Barrin92|4 months ago

>but fan subs are notorious for mistranslations and awkward hyperliteralism.

funny to see the comment. I was rewatching JoJo, this time in dub, and just came across a line like this. (the context is a fight between two 19th century British characters in a very theatrical setting):

Sub: "Stop the futile, useless resistance. Don't hide in the curtain's shadows and come out!"

Dub: "You're behind the curtain, like Polonius. And, like Polonius, it is there that you shall meet your end."

I was so surprised that they threw in the Hamlet reference it's what made me look up what the original Japanese line was. The English dub writing often strikes me just as straight up better the more I watch of it.

bnjms|4 months ago

I used to like what I assume is the hyper literalism and f fan subs. The certain phrases with consistent and repeated translations would gain their own color. I don’t know but it felt like that context was somehow carried over.

Similarly there are some phrases which are probably unavoidably awkward. Like when translating vaguely as “that guy”.

baobun|4 months ago

Let's just say the variance is high. Great stuff and groups out there but the bar has been lower (until now, I guess).

Just according to keikaku.

Translator's note: "Keikaku" means plan

xboxnolifes|4 months ago

There are a lot of bad fan subs, but the best subs I come across are always fan subs.
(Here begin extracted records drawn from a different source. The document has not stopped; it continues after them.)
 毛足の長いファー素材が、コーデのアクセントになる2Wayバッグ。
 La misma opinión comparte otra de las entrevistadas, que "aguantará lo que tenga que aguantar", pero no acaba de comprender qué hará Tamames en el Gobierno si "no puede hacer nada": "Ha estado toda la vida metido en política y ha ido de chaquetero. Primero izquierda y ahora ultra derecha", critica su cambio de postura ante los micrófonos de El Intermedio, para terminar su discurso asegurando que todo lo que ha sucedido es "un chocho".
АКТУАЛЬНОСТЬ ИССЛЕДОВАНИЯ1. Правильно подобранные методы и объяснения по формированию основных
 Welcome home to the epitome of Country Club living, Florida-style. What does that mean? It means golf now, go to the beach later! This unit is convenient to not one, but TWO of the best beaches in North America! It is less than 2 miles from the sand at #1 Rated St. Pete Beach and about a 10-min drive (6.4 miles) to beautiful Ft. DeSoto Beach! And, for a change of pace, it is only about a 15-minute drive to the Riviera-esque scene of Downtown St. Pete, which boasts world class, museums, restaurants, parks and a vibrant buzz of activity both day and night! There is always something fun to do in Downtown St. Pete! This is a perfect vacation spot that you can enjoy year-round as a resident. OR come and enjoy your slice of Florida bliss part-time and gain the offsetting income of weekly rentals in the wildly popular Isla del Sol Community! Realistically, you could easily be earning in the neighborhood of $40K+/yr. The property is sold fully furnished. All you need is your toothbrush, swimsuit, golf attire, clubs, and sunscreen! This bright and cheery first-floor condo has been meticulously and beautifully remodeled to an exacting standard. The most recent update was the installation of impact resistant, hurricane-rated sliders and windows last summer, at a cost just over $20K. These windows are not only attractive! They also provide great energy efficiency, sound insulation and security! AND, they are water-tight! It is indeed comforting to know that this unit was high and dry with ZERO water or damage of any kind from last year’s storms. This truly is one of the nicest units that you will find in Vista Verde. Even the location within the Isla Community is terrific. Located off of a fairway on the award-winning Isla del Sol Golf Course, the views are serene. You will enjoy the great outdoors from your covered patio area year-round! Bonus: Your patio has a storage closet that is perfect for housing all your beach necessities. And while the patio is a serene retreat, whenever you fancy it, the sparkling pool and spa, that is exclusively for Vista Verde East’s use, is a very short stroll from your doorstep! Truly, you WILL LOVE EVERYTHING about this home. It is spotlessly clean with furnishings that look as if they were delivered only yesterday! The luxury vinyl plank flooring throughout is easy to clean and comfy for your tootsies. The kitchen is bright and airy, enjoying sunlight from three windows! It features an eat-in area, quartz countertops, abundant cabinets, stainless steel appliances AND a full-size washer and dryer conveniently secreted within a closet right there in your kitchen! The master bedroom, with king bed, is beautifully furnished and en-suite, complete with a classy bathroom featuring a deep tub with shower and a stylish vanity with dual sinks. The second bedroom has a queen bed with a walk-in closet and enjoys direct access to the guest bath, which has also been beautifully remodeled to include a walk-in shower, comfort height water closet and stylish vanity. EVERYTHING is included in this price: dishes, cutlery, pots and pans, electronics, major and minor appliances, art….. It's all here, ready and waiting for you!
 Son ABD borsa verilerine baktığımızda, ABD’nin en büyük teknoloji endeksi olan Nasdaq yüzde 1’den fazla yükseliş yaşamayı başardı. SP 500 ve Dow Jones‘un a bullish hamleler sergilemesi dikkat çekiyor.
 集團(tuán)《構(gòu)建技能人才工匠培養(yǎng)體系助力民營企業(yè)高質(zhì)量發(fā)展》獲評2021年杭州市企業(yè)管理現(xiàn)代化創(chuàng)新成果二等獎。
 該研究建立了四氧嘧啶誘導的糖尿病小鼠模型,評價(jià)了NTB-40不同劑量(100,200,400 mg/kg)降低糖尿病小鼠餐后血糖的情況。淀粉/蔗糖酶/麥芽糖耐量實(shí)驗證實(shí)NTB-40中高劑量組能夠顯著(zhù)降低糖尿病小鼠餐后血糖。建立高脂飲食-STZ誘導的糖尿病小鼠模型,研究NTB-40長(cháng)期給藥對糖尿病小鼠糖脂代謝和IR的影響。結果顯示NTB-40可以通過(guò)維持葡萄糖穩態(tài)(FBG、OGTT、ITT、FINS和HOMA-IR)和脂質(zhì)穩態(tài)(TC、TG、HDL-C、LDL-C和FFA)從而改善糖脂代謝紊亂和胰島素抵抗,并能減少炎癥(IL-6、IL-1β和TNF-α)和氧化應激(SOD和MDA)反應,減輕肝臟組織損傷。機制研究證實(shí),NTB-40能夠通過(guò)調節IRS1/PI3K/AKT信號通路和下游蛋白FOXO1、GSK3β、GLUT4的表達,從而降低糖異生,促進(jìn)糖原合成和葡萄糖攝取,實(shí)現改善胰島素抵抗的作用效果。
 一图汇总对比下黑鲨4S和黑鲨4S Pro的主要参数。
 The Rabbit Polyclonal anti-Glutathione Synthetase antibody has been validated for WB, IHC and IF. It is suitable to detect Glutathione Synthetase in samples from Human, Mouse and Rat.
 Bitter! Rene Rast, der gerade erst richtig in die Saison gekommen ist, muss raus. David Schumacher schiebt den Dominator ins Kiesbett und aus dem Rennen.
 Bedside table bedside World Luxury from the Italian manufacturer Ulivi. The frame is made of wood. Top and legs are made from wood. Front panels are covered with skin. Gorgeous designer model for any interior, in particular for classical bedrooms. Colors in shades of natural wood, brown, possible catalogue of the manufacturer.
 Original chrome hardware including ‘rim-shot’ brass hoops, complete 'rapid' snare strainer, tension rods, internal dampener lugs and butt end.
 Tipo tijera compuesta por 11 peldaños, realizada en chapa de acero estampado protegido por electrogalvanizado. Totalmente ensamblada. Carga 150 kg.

bonecrusher2102|4 months ago

That’s why I said the SUBS are awesome… not the translations ;-)

kalleboo|4 months ago

To be fair, official translations are equally notorious - "Jelly Donuts Are My Favorite" and so on

Ekaros|4 months ago

I take hyperliteralism over agenda pushing any day. I do not want my foreign media to be entirely rewritten to some other foreign media. Just so that some overly political person can make a point...

Cthulhu_|4 months ago

I don't get it - these shows and their subtitles get streamed tens of millions of times across decades, but 4 hours per episode is too expensive?

I mean I guess there's a very long tail of mediocre shows as well that get thousands of streams at best, but still.